● **Instructions to follow**: Required from the data below: the exact lines starting at the line containing "随后,班子成员与驻村干部一行" and ending at the line containing "Guest accommodation with", with both ends kept and all pictures dropped.

● **Input records**:
=====

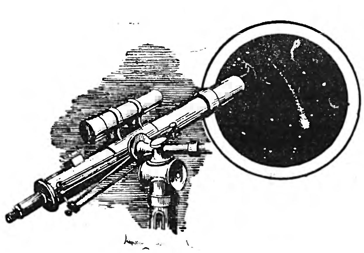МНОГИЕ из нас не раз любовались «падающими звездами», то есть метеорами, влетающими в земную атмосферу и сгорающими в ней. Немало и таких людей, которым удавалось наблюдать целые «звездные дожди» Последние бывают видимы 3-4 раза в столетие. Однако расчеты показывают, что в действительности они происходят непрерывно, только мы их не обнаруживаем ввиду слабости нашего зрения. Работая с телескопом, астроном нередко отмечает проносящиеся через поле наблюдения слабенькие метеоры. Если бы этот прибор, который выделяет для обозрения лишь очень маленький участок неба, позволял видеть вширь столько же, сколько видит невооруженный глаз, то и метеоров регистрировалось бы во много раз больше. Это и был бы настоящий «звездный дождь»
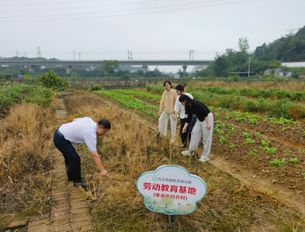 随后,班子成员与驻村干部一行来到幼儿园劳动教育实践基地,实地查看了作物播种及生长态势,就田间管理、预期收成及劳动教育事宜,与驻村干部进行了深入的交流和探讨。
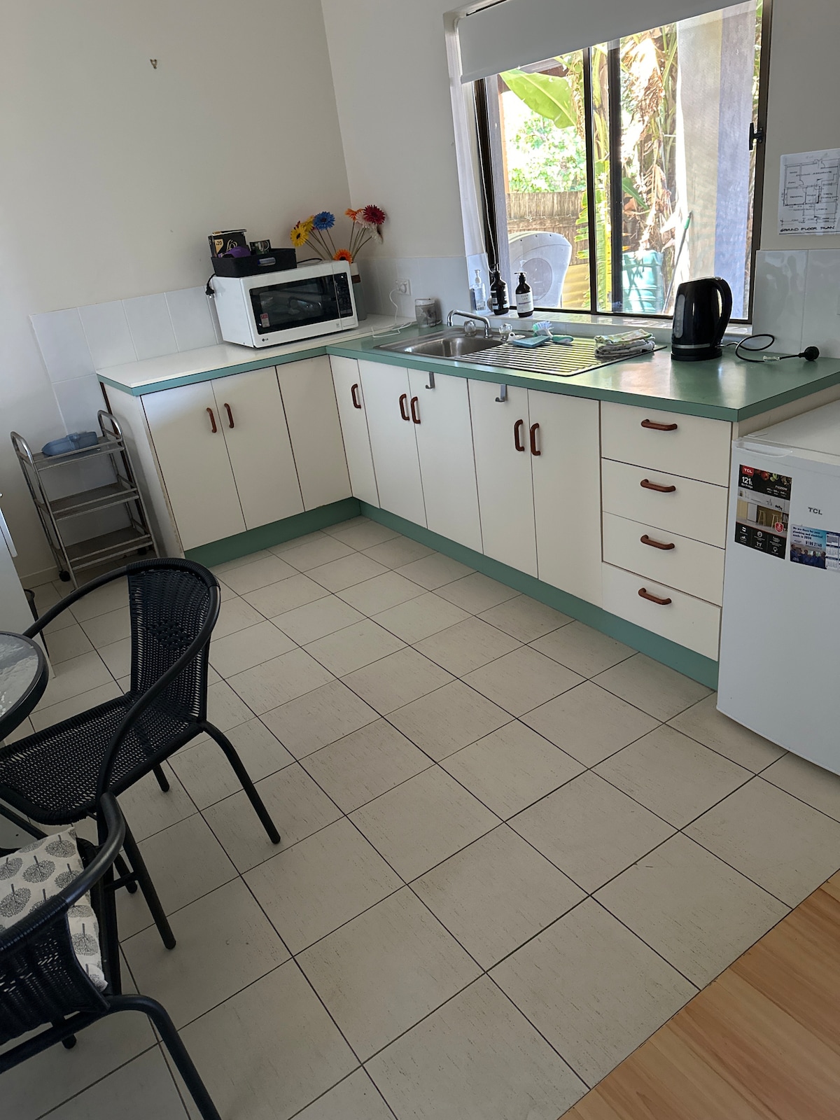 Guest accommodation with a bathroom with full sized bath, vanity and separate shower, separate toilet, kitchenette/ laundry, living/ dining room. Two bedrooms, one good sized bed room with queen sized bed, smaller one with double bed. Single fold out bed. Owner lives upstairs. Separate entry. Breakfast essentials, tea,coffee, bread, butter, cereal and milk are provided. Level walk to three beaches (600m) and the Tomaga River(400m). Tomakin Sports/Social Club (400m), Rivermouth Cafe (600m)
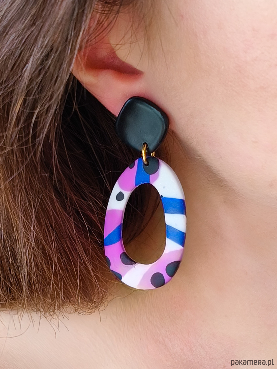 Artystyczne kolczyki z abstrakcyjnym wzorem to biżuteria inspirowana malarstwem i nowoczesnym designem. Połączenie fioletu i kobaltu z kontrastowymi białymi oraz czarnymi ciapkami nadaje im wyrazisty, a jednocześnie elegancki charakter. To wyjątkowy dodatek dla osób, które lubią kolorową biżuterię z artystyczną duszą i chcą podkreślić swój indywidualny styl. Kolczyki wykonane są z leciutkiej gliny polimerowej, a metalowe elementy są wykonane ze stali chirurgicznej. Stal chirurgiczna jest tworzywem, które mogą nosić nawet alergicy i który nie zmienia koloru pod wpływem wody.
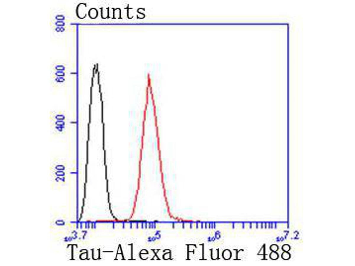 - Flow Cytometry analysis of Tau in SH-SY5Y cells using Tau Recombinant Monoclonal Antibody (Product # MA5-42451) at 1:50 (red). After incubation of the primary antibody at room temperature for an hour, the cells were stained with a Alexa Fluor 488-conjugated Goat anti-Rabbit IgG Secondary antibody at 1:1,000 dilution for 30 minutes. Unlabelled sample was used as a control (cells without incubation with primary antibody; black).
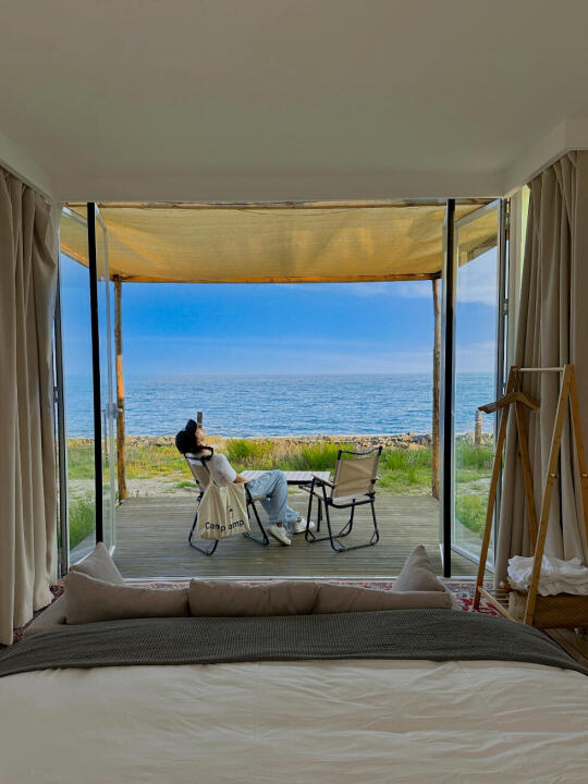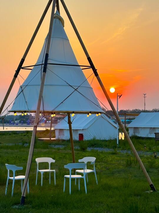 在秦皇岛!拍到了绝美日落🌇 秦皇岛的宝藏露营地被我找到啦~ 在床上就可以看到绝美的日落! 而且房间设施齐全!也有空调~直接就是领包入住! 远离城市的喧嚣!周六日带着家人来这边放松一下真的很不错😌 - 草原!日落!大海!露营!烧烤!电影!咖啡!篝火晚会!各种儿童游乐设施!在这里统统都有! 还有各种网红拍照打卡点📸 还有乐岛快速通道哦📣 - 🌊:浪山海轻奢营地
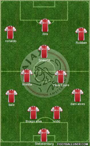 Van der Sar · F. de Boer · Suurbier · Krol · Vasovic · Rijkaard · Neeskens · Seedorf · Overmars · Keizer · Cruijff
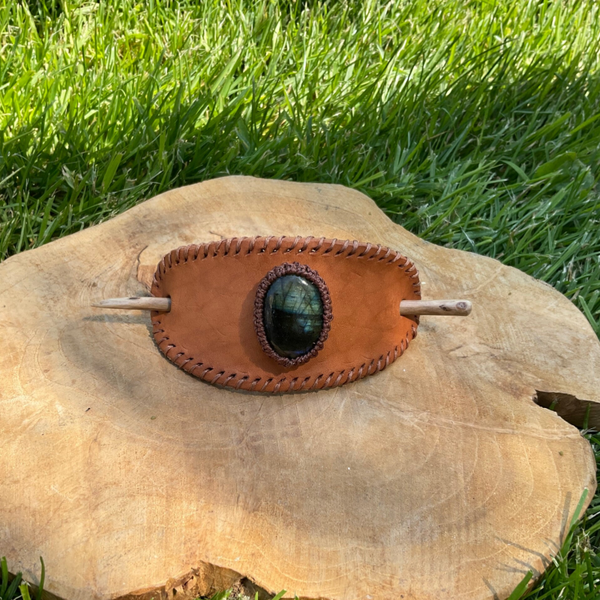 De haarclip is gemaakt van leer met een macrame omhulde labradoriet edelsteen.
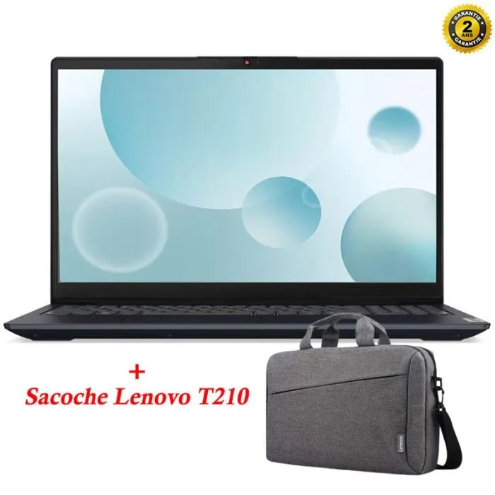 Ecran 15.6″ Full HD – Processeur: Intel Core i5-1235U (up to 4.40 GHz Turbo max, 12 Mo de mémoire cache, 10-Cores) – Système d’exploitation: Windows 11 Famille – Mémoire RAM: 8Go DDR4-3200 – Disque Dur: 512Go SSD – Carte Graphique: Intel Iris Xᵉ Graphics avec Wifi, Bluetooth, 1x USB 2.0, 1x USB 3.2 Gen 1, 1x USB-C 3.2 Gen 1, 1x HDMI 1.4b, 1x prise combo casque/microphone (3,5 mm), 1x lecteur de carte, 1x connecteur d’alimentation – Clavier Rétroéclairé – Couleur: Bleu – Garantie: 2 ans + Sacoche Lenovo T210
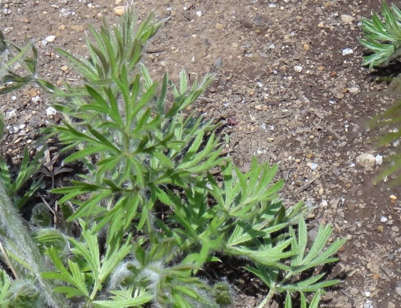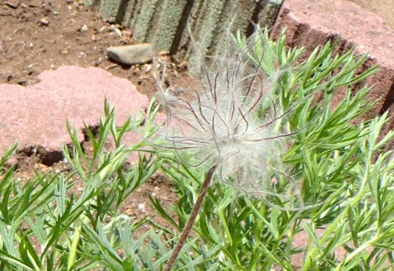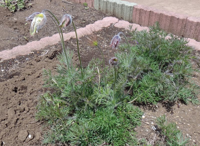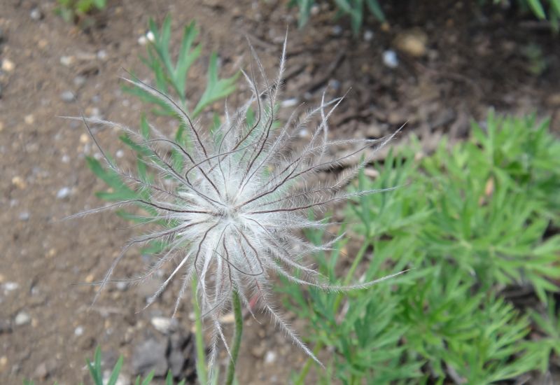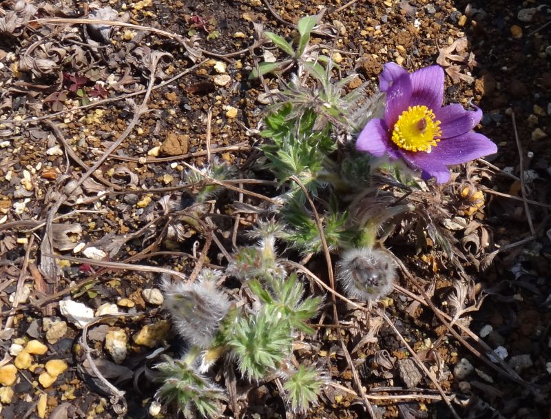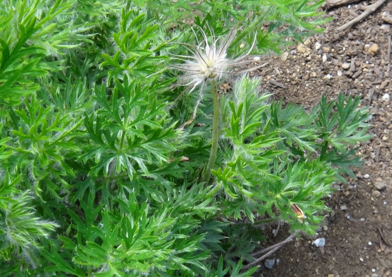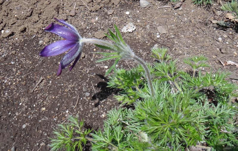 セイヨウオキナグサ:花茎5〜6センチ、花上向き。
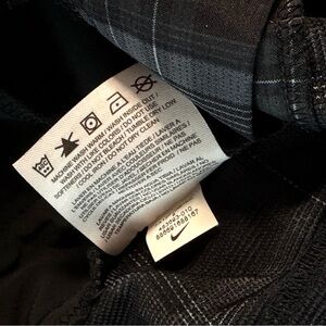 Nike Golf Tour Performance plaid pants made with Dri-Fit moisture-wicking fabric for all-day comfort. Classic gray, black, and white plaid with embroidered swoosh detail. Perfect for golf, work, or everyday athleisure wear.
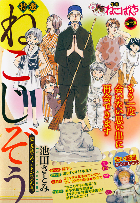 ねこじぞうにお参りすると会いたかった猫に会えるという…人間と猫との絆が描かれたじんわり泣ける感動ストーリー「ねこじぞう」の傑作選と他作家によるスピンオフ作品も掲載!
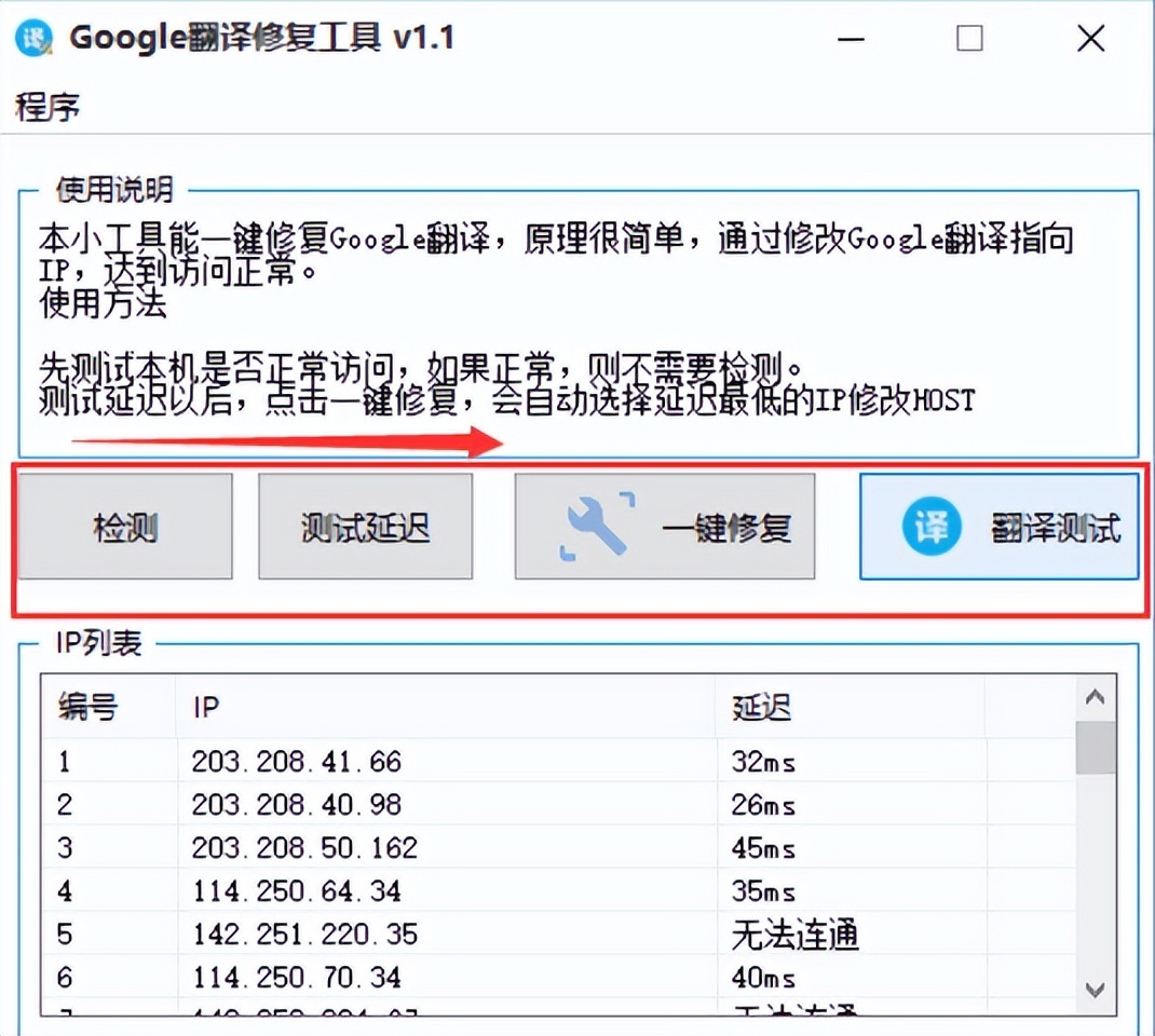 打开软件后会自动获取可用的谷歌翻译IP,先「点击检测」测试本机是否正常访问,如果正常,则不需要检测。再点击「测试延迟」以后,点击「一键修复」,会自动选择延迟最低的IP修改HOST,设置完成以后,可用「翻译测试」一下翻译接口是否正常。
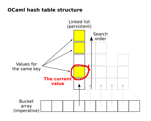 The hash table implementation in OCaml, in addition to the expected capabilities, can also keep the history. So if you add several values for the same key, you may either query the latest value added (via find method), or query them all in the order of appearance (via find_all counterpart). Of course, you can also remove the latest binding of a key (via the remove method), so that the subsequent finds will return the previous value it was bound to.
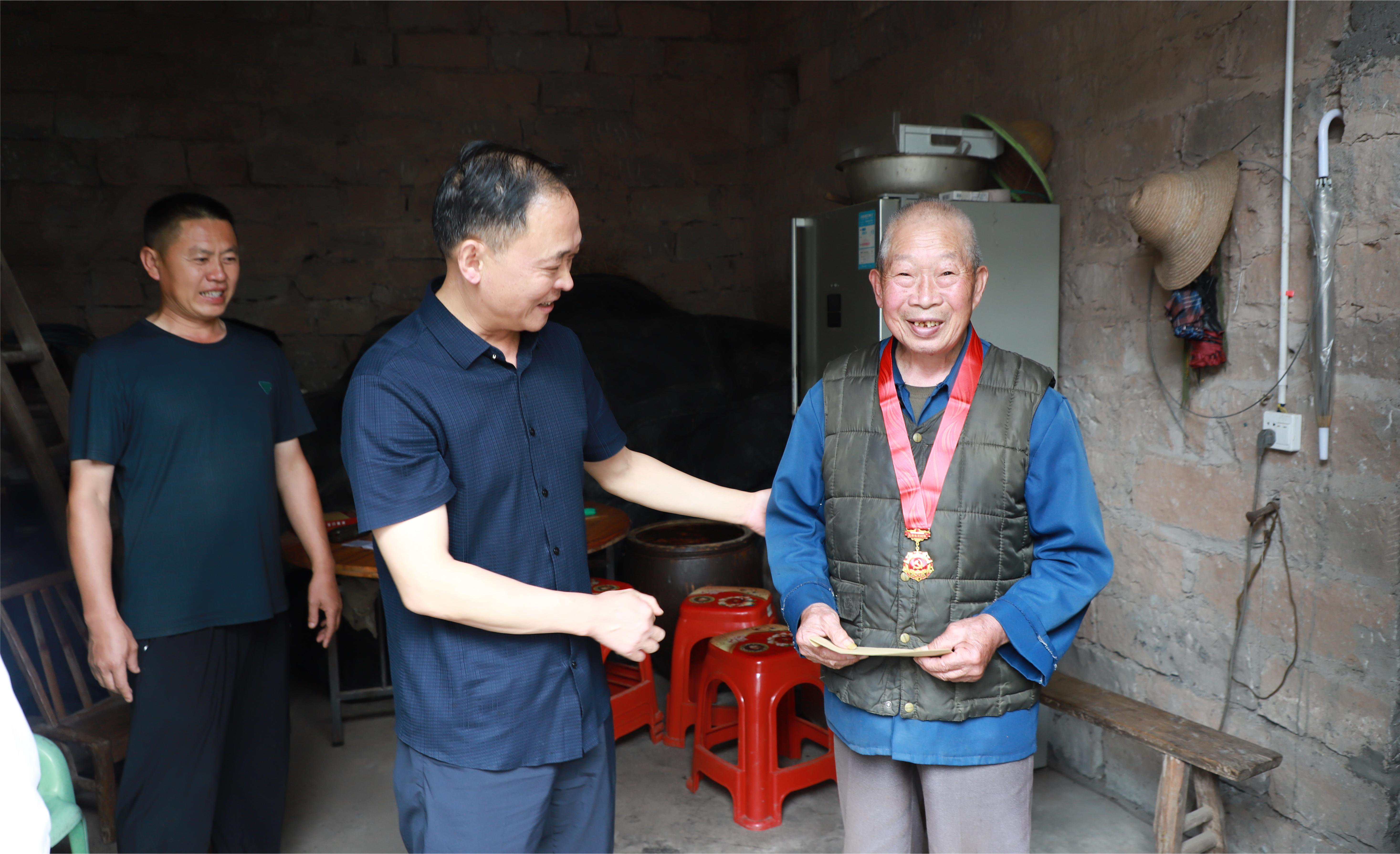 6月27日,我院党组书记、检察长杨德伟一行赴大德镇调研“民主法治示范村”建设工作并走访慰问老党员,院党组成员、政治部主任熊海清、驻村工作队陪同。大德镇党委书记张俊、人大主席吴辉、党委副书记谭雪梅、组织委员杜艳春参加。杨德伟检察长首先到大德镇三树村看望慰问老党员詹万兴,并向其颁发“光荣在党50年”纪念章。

=====

● **Output for this task**:
 随后,班子成员与驻村干部一行来到幼儿园劳动教育实践基地,实地查看了作物播种及生长态势,就田间管理、预期收成及劳动教育事宜,与驻村干部进行了深入的交流和探讨。
 Guest accommodation with a bathroom with full sized bath, vanity and separate shower, separate toilet, kitchenette/ laundry, living/ dining room. Two bedrooms, one good sized bed room with queen sized bed, smaller one with double bed. Single fold out bed. Owner lives upstairs. Separate entry. Breakfast essentials, tea,coffee, bread, butter, cereal and milk are provided. Level walk to three beaches (600m) and the Tomaga River(400m). Tomakin Sports/Social Club (400m), Rivermouth Cafe (600m)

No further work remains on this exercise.